Еще одним важным потоком советской жизни была неофициальная культура – и официально разрешенная, но не канонизированная политически, как Театр на Таганке или Окуджава, и балансирующая на грани, как Высоцкий, и прямо диссидентская, как Галич.

Люди обменивались самиздатом и тамиздатом, добывали проскочившие малым тиражом через советскую цензуру сборники Мандельштама, переписывали от руки Гумилева, некоторые даже ухитрялись прятать в укромном углу Солженицына. И уж точно все знали, что был такой писатель – написал «Ивана Денисовича», «Матренин двор», а потом его почему-то запретили, кажется, потому что он написал страшную книгу «Архипелаг ГУЛАГ».

«Брежнев в Средней Азии. «Салям алейкум!» – кричат ему трудящиеся. «Алейкум салям!» – отвечает натасканный по такому случаю вождь. «Архипелаг Гулаг!» – кричит подскочивший диссидент. «Гулаг Архипелаг!» – отвечает Леонид Ильич».

Истероидной ненависти к Солженицыну, культивируемой сейчас на неосоветских форумах, не было ни у кого и в помине. Люди, искренне верившие в пургу о «литературном власовце», шли по разряду слабоумных или особенно хитрых сволочей.

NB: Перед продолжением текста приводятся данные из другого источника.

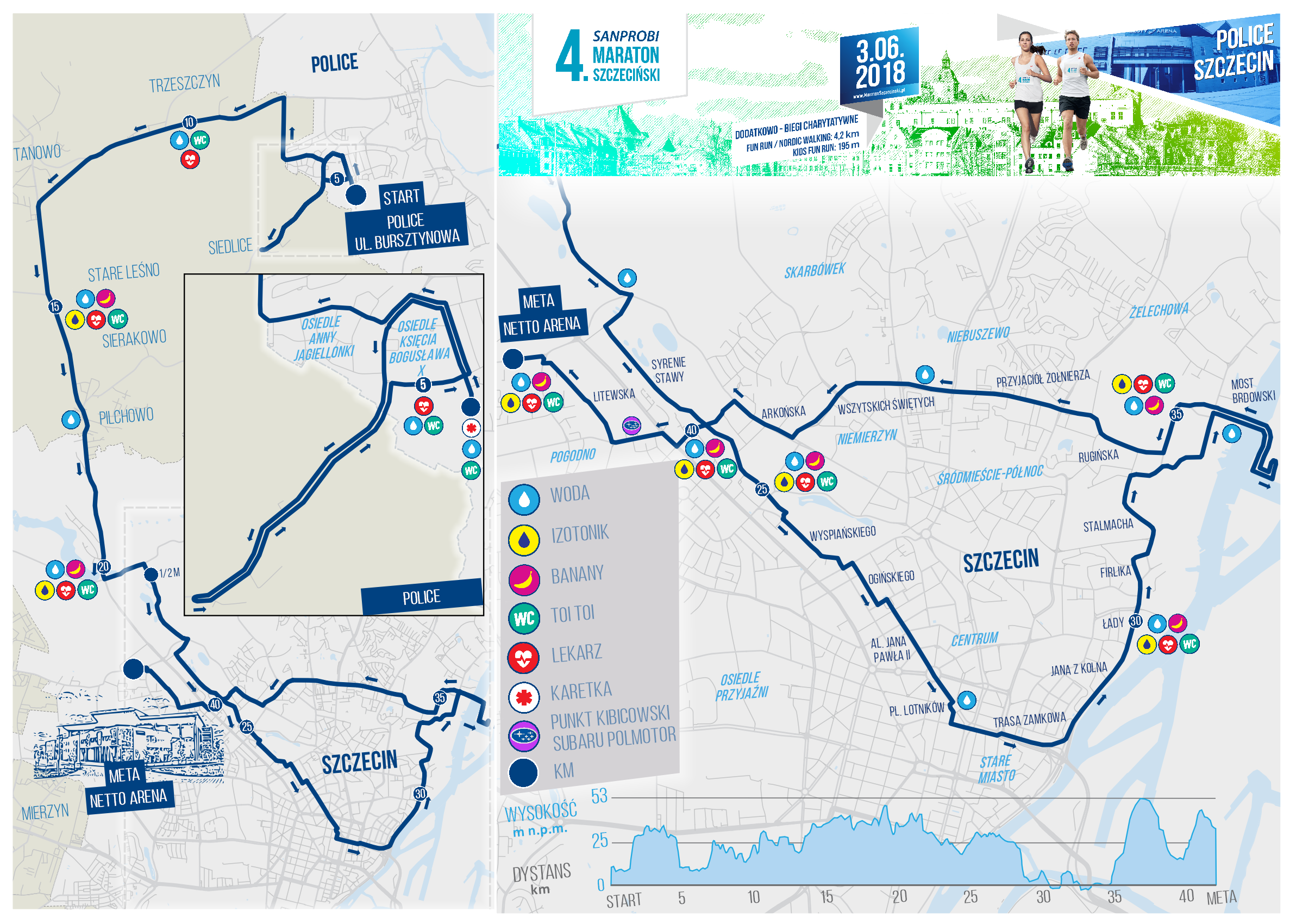 Od ul. Tanowskiej w Policach do granic Szczecina trasa maratonu wiedzie drogą dla rowerów terenami zielonymi do Teatr Letniego i następnie ul. Wyspiańskiego do ul. Piotra Skargi. Możliwe utrudnienia na liniach 51 (ul. Miodowa), 80 (ul. Arkońska przy ul. Międzyparkowej), 53 i 60 (ul. Zaleskiego – wstrzymanie ruchu lub przekierowanie przez ul. Piotra Skargi), 67 (ul. Piotra Skargi – skierowanie w ul. Zaleskiego i Słowackiego).
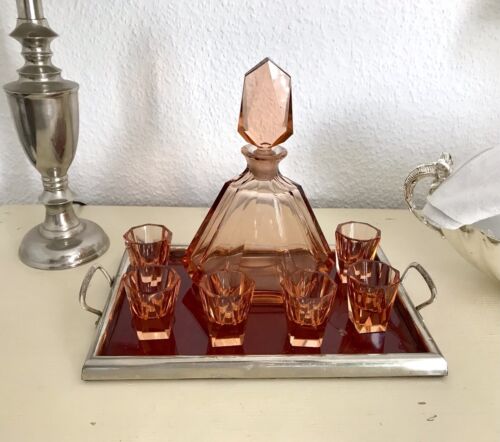 Antik EDEL Kristallglas Art Déco Karaffe Likörgläser Set 6 Gläser Rosalin mit Tablett !!

Явлением на стыке импорта и диссидентства были зарубежные вражеские голоса. Над ними подшучивали, им делано не верили, но слушали почти все. Сева Новогородцев был рок-гуру эпохи и пропагандировал два «Аквариума», один предателя Резуна, другой – Гребенщикова, тоже, увы, предателя. Вуди Аллен как-то писал, что радио воспитало Америку, все росли на одних и тех же песнях. То же самое можно сказать и про мое поколение – его воспитало радио, к сожалению – вражеское. И в этом нет ничего хорошего, так как делалось оно по большей части клеветниками и русофобами. Впрочем, слово «русофобия» я узнал именно из него, из ядовитых истерик Бориса Парамонова по поводу великого трактата Игоря Шафаревича.

Это была вообще довольно забавная игра – отыгрывать с обратным знаком то, что говорили на «Свободе» и Би-би-си про русское национальное самосознание.

В романе Войновича травился Солженицын за излишнюю русскость и традиционность, и можно было понять, что вермонтский отшельник и впрямь национальный русский писатель. Ругали Василия Белова за почвенничество и антисемитизм – значит, стоило прочесть и подумать...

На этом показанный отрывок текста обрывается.